The government closed InterTransfers, Inc., and its subsidiary, Global Money Remittance, Inc., of Miami following reports that the companies failed to transmit customer funds to the intended recipients.
The news of the shutdown sent shock waves within Brazilian communities from Massachusetts all the way down to Florida, where both companies were widely popular for sending money to relatives in Brazil.
Both companies are owned by Iraci R. Oliveira, with main offices at 25 SE 2nd Avenue, Miami, Fla., with authorized agent locations up and down the east coast.
InterTransfers, licensed in Connecticut since 2005, has eight authorized agent locations and transferred nearly $3.5 million from Connecticut consumers in 2012. Global has been licensed since 2008, has 10 authorized agent locations and transferred more than $2.5 million in the same fiscal year.
The Commissioner of Banks in Massachusetts suspended the licenses for both InterTransfers and Global to transfer money on April 10.
Both Global and InterTransfers failed to notify the Connecticut Commissioner of Banks of the suspension, which is a violation of Connecticut law.
The Connecticut Commissioner of Banks also found that since March 2013, Global had failed to transfer as much as $147,779 within the required week of the purchase, also a violation of banking regulations.

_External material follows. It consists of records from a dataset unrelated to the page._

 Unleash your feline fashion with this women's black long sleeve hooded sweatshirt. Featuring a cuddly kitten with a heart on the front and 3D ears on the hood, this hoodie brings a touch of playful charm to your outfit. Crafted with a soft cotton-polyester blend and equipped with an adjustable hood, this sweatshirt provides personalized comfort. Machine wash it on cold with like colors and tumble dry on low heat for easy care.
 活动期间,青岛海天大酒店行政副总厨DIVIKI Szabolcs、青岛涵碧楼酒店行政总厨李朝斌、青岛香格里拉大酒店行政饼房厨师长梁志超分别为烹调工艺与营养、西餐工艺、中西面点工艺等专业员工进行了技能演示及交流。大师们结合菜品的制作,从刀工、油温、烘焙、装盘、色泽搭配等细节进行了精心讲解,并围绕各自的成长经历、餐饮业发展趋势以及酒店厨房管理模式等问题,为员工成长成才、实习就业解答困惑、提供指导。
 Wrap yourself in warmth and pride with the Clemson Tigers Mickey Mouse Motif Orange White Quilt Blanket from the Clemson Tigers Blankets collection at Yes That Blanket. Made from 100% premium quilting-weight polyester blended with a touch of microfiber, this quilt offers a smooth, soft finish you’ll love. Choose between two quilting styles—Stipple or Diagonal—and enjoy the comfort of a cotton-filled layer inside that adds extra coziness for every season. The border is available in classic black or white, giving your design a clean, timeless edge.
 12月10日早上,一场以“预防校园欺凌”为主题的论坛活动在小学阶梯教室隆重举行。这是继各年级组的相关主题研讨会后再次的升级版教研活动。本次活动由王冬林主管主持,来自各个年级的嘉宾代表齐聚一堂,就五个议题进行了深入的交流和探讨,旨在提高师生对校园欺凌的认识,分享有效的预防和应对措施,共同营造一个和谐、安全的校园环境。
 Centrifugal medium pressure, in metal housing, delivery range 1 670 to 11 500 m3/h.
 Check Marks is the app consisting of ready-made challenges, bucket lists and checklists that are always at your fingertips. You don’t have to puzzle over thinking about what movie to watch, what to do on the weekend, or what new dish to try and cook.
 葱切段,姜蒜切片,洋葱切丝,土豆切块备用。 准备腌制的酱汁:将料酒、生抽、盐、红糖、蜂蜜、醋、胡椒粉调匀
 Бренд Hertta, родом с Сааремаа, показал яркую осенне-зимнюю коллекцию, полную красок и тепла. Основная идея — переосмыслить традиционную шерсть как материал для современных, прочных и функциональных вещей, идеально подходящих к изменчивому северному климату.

The Florida Office of Financial Regulation also issued cease and desist orders against InterTransfers and Global Money Remittance after complaints from customers that their orders weren’t going through.
Money transferring in numbers
In 2012, the World Bank estimated that the Latin America and Caribbean (LAC) region saw a slight increase in remittance inflows, reaching an estimated $62 billion. Mexico dominated the remittances, accounting for 37 percent of total remittances to the region in 2012, and receiving four times more than Brazil, the next-largest recipient.

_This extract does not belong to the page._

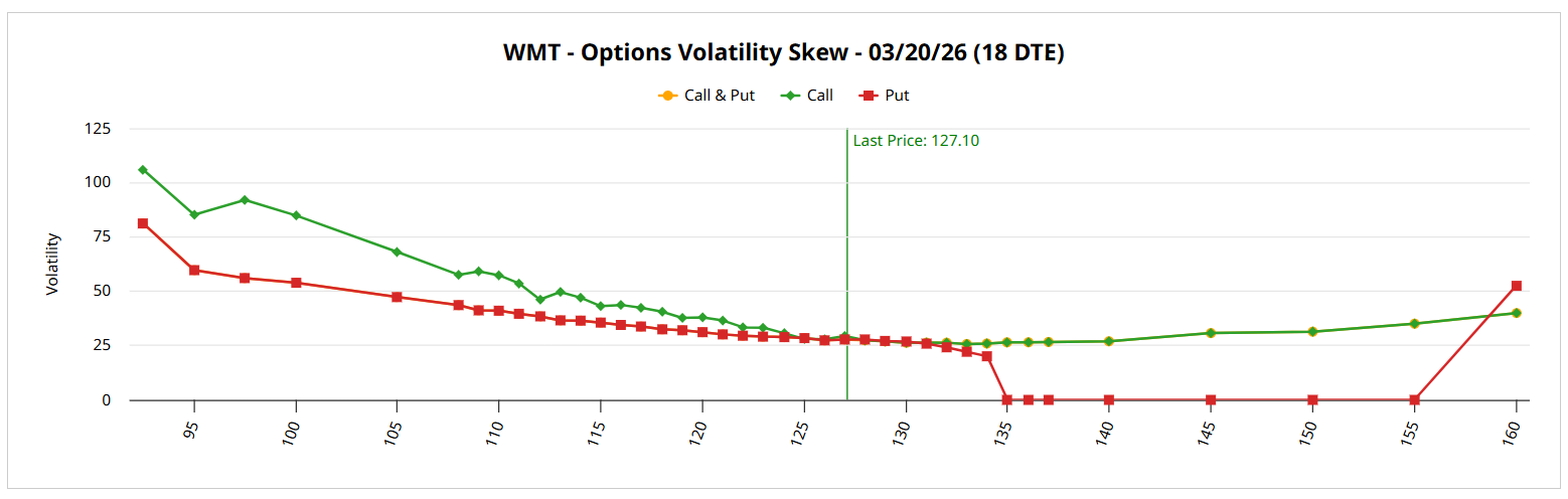 For WMT stock, the upcoming March 20 monthly options chain reveals that the skew is very controlled but has an upward bias at the left-hand boundaries (toward lower strikes). While no one is panicking, the smart money is more concerned about protecting against a big loss than it is positioning for a big gain.

Flows to Mexico fell during the second half of 2012 and the first two months of 2013, as the peso appreciated against the U.S. dollar. Still, growth in remittance flows to other LAC countries, including Brazil, Guatemala and El Salvador has more than offset the reduced flows to Mexico, yielding positive growth in flows to the region overall.
The United States is the largest source of remittances to the Latin America and Caribbean region, accounting for 73 percent of the total inflow in 2011. Improvements in the U.S. housing market and recovery in the employment of migrant workers are projected to underpin stronger growth in remittances for 2013-2015, exceeding the 2008 peak in 2013 and rising to more than $81 billion in 2015.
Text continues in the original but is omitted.